0

I have a .csv file containing 1.7 million records. Some of these records are already in my database collection (2.2 million records), others are not. I want to add the records which are not yet in the collection without overwriting or updating the existing records. Each record has an enterprise number as unique property.

So far I could only found solutions which are first creating all the operations and than use the model.bulkWrite() method to perform these operations. Since these operations use updateOne() the already existing records will be updated.

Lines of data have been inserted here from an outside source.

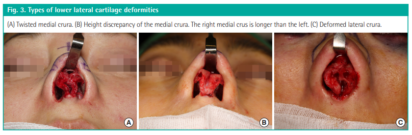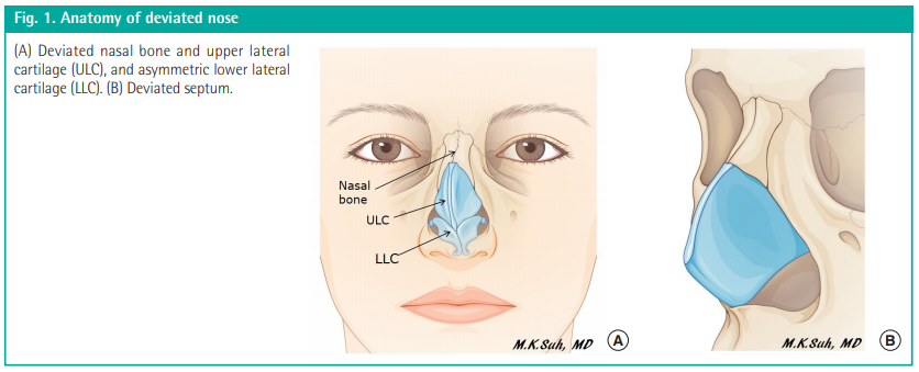 Основными процедурными компонентами коррекции искривления носа являются: остеотомия для коррекции искривления костной ткани, коррекция искривления перегородки, манипуляции с дорсальной перегородкой для коррекции отклонения верхнебокового хряща и коррекция функциональных проблем (манипуляции для коррекции коллапса внутреннего клапана и гипертрофии нижней носовой раковины). Исправление асимметрии кончика и ноздрей невозможно переоценить, потому что, если асимметрию кончика и ноздрей не исправить, пациенты вряд ли дадут положительную оценку с эстетической точки зрения. Асимметрия кончика, отклонение колумеллы и результирующая асимметрия ноздрей в первую очередь вызваны проблемами с нижним латеральным хрящом, которые включают отклонение медиального наконечника, несоответствие высоты срединного наконечника и асимметрию или деформацию латерального наконечника. Тем не менее, отклонение каудальной и дорсальной перегородок, которое является более важной этиологией, также должно быть исправлено. Для коррекции деформации нижнего латерального хряща требуется колумеллярный трансплантат, коррекция любого несоответствия в высоте медиального наконечника или коррекция латерального наконечника. Чтобы исправить отклонение каудальной перегородки, используются ее укорочение, изменение положения или техника разрезания и наложения швов. Операция по исправлению отклонения дорсальной перегородки выполняется путем комбинирования надрезанного и шинирующего трансплантата, расширяющего трансплантата и / или техники так называемого шва. Кроме того, при исправлении искривленного носа не следует упускать из виду коррекцию асимметрии края крыльев и основания крыльев, чтобы добиться симметрии кончика носа и общего носа.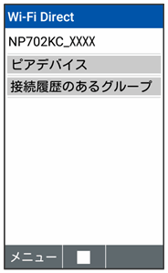 「ピアデバイス」欄に、近くにあるWi-Fi Direct規格対応機器が表示されます。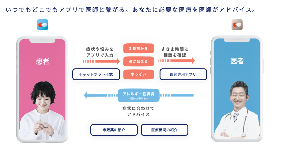 24時間365⽇スマホで医師に相談ができるアプリです。現在300⼈以上の医師が登録されており、外出⾃粛等により病院 やクリニックに⾏きにくい⽅もアプリを通じて医師に気軽に相談することができます。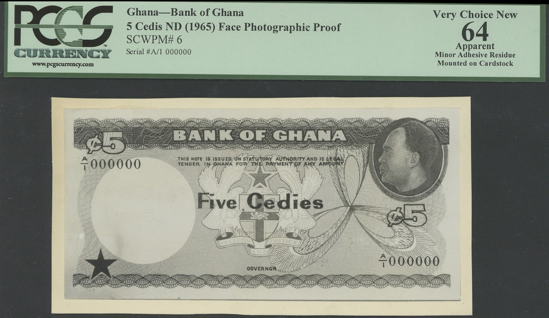 (x) Bank of Ghana, group of black and white archival photographs, including obverse and reverse of 1, 2, 5, 10, 20 and 50 ghana dollars, 1962, 5 cedis, 1965 and 1 cedis (2) 1966, backed on card, the first five pairs similar to the issued design, but in a denomination not used, and the others very different from those produced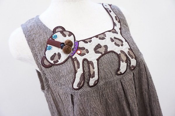 こちらのワンピースもそのひとつです。このワンピース、とてもキュートなザラザラとしたブラウンカラーやドレープするように設計されたデザイン、裾の微妙なフリフリ感など、かわいい要素がたくさんなのですが、すべて胸元のネコのアップリケが目線を奪います。

So I'm looking for a way to add new records in bulk without updating or overwriting existing records.

Code

// Read data
const data = await readCSV('data/companies.csv');

// Format data
const formatted_data = data.map(record => ({
    name: record.name,
    enterprise_number: record.enterprise_number,
    vat_number: record.vat_number,
    legal_form: record.juridical_form || null,
    activity_codes: (!record.nace_codes || record.nace_codes === '') ? [] : JSON.parse(record.nace_codes.replace(/'/g, '"')),
    address: {
        street: record.street,
        house_number: record.house_number,
        additional: record.additional,
        postal_code: record.postal_code,
        city: record.city,
        country: record.country
    },
    phone: record.tel || null,
    mobile: record.mobile || null,
    email: record.email || null,
    establishment_date: record.start_date,
    status: record.is_active === '1' ? 'active' : 'inactive',
}));

const batchSize = 10000;
    
// Create batches of 10.000 records
for (let i = 0; i < formatted_data.length; i += batchSize) {
    let batch = formatted_data.slice(i, i + batchSize);

    let operations = batch.map((row) => ({
        updateOne: {
            filter: { enterprise_number: row.enterprise_number },
            update: row,
            upsert: true
        }
    }));

    try {
        let result = await Company.bulkWrite(operations);
        
        console.log(`Batch ${i} done: ${result.modifiedCount} records modified, ${result.upsertedCount} records upserted`);
    } catch (error) {
        console.error(`Error updating batch ${i}: ${error}`);
    }
}

console.log('All done');

Based on the answer of @Fraction which was a link to this topic Mongodb how to insert ONLY if does not exists (no update if exist)? I updated my code to the following

for (let i = 0; i < formatted_data.length; i += batch_size) {
    let batch = formatted_data.slice(i, i + batch_size);

    let operations = batch.map((row) => ({
        updateOne: {
            filter: { enterprise_number: row.enterprise_number },
            update: { $setOnInsert: row },
            upsert: true
        }
    }));

    try {
        let result = await Kbo.bulkWrite(operations);
        console.log(`Batch ${i} done: ${result.result.nUpserted} records inserted`);
    } catch (error) {
        console.error(`Error inserting batch ${i}: ${error}`);
    }
}

This is kind of working. It's upserting new records and it does not update the properties of a existing record BUT it's updating the updated_at property of all matching records.

Thore
  • 1,918
  • 2
  • 25
  • 50
  • Does this answer your question? [Mongodb how to insert ONLY if does not exists (no update if exist)?](https://stackoverflow.com/questions/48220677/mongodb-how-to-insert-only-if-does-not-exists-no-update-if-exist) – Fraction Feb 16 '23 at 10:06
  • @Fraction I tried the solution in that question and it's weird. The properties of the matching record are not updating but the updated_at property is updating to the current timestamp. Also the result response of the `bulkWrite` method contains a field with the number of modified rows and every row has been modified. To keep the data correct, the updated_at property may not be updated for existing records. – Thore Feb 16 '23 at 10:48
  • Why do you re-invent the wheel? Have a look at [mongoimport](https://www.mongodb.com/docs/database-tools/mongoimport/), it provides `--mode=` – Wernfried Domscheit Feb 16 '23 at 11:04
  • @Thore see this [comment](https://github.com/Automattic/mongoose/issues/6861#issuecomment-414118221), you can try to set [`timestamps`](https://mongoosejs.com/docs/guide.html#timestamps) to `false` and add `created_at` manually – Fraction Feb 16 '23 at 11:41
  • @WernfriedDomscheit `--mode=upsert` will replace existing documents – Fraction Feb 16 '23 at 11:42
  • @WernfriedDomscheit Because mongoimport is not able to format the code and I don't want to create another script to format the code – Thore Feb 16 '23 at 12:02

0 Answers0